Again, it is difficult to give hard numbers in this environment, but it is possible to consume two or three man-years just because of the difficulties communicating between the sites. Every site added increases the effort at all sites to keep synchronised.
In nearly all sites, it is possible to improve the mechanisms in use in these areas. The ways we make the improvement will vary, but will nearly probably require automation, and integration into the development procedures and other processes in use.
The following is a list of requirements that a better mechanism for managing the interaction between development sites would have to meet.
This is not an exhaustive list. A tool that can meet all these requirements has the potential to save many man hours of development effort and rework.

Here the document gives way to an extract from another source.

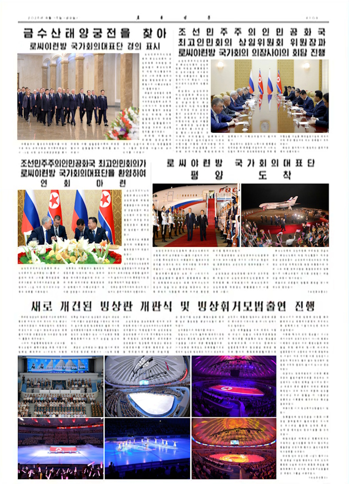 ロシア連邦会議代表団、錦繍山太陽宮を参拝 ヴャチェスラフ・ヴォローディン議長を団長とするロシア連邦会議代表団が14日午前、錦繍山太陽宮を訪れ、偉大なる首領 金日成同志ならびに偉大なる領導者 金正日同志に敬意を捧げた。 朝鮮民主主義人民共和国最高人民会議常任委員会副委員長 康允錫(カン・ユンソク)同志、最高人民会議議長 朴仁哲(パク・インチョル)同志、在朝ロシア連邦特命全権大使 アレクサンドル・マツェゴラ同志が同行した。 代表団成員らは、精力的な対外活動により反帝自主事業の実現と朝露両国の友好関係発展に不滅の貢献をなされた偉大なる首領 金日成同志ならびに偉大なる領導者 金正日同志の立像を仰ぎ、崇高なる敬意を表した。 偉大なる首領様と偉大なる将軍様が生前の御姿でいらっしゃる永生の間において、彼らは謹み深く挨拶を捧げた。 朝鮮最高人民会議常任委員会委員長とロシア連邦会議議長との会談実施 朝鮮民主主義人民共和国最高人民会議常任委員会委員長 崔龍海(チェ・リョンヘ)同志とロシア連邦会議議長 ヴャチェスラフ・ヴォローディン同志との会談が14日、万寿台議事堂で行われた。 会談には、朝鮮側から康允錫副委員長、朴仁哲議長、外務省副相 金正奎(キム・ジョンギュ)同志、朝露友好議員連盟委員長兼保健省医学研究院院長 李哲(リ・チョル)同志、関係部門幹部が出席。露側からはイワン・メルニコフ第一副議長、アレクサンドル・ババコフ副議長、ウラジスラフ・ダヴァンコフ副議長ら代表団主要成員、在朝ロシア連邦特命全権大使アレクサンドル・マツェゴラ同志が同席した。 会談では、共同の努力により平和的で公正な新たな世界を建設するとともに、両国民の福祉増進と友好関係発展のための二国間協力を一層拡大・発展させること、および相互に関心を寄せる諸問題について議論が交わされた。 朝鮮最高人民会議、ロシア連邦会議代表団歓迎宴を開催 朝鮮最高人民会議は祖国解放80周年を機にわが国を祝賀訪問したロシア連邦会議代表団を歓迎し、14日夜に万寿台議事堂で宴を催した。 ヴャチェスラフ・ヴォローディン議長を団長とするロシア連邦会議代表団、在朝ロシア連邦特命全権大使アレクサンドル・マツェゴラ同志、大使館員らが招かれた。 朝鮮側からは崔龍海常任委員会委員長、康允錫副委員長、朴仁哲議長、金正奎外務省副相、関係部門幹部らが出席。 宴席では崔龍海同志とヴャチェスラフ・ヴォローディン同志が挨拶を行った。 ロシア連邦会議代表団、平壌に到着 朝鮮最高人民会議の招請により祖国解放80周年を機にわが国を祝賀訪問するヴャチェスラフ・ヴォローディン議長を団長とするロシア連邦会議代表団が14日、平壌に到着した。 平壌国際空港は、朝露両国の友好協力関係が不敗の同盟関係として確固と発展する中、ロシア人民の親善の情を携えて平壌を訪れる親しい隣邦の使節団を温かく迎える熱気に包まれた。 国旗掲揚台には朝鮮民主主義人民共和国国旗とロシア連邦国旗が翻り、空港ターミナル前には朝鮮人民軍名誉衛兵隊が整列した。 朝鮮労働党中央委員会政治局常務委員会委員であり、朝鮮民主主義人民共和国国務委員会第一副委員長、最高人民会議常任委員会委員長である崔龍海同志が空港に出迎えた。 康允錫副委員長、朴仁哲議長、金正奎外務省副相、李哲・朝露友好議員連盟委員長、アレクサンドル・マツェゴラ在朝ロシア特命全権大使らが代表団を温かく迎えた。 【朝鮮中央通信】 新改築アイスリンク開館式及びフィギュアスケート模範公演実施 偉大なる党中央の遠大な構想と精力的な領導により、首都平壌が社会主義文明華咲く世界的理想都市へ日々変貌する中、風光明媚な普通江岸に位置するアイスリンクが立派に改築された。 冬季スポーツ発展と労働者・青少年の体力鍛錬の拠点として40有余年の誇りある歴史を刻んできた同リンクは、建設の大繁栄期とともに、文明復興を志向する新時代の要求に応え、アイススポーツはもちろん多様な室内競技や多彩な芸術公演を円満に保障できる多機能複合スポーツ文化基地へと生まれ変わった。 意義深い祖国解放80周年を迎え、新たに改築されたアイスリンク開館式が14日に行われた。 朝鮮労働党中央委員会政治局常務委員会委員であり内閣総理の朴奉珠(パク・ポンジュ)同志、党中央委員会書記であり国家体育指導委員会委員長の金徳訓(キム・ドックン)同志、内閣副総理 金正官(キム・ジョングァン)同志、フィギュアスケート協会委員長兼財政相 李明国(リ・ミョングク)同志をはじめ、関係部門幹部、改築工事参加者、中央・地方機関幹部、スポーツ関係者、アイスリンク職員、平壌市民らが参列した。 金徳訓同志が開館辞を述べた。 「全ての建築物を我々の世代の志向と理想が宿り、社会主義文化発展の新時代を代表し得る創造物として打ち立てるよう導かれる敬愛する金正恩同志が、アイスリンクを新たな領域・形式のスポーツ文化生活拠点へと変革する方

The difficulties are mostly in the area of communication. Communication of the software under development and between the people performing that development are the biggest problem areas. These difficulties can add a serious overhead to your development effort.
As with many activities in software development and operations, it is possible to tackle the problem by automation. Any organisation that is currently involved in, or considering geographically dispersed development should pay close attention to the costs, methods and procedures associated with it.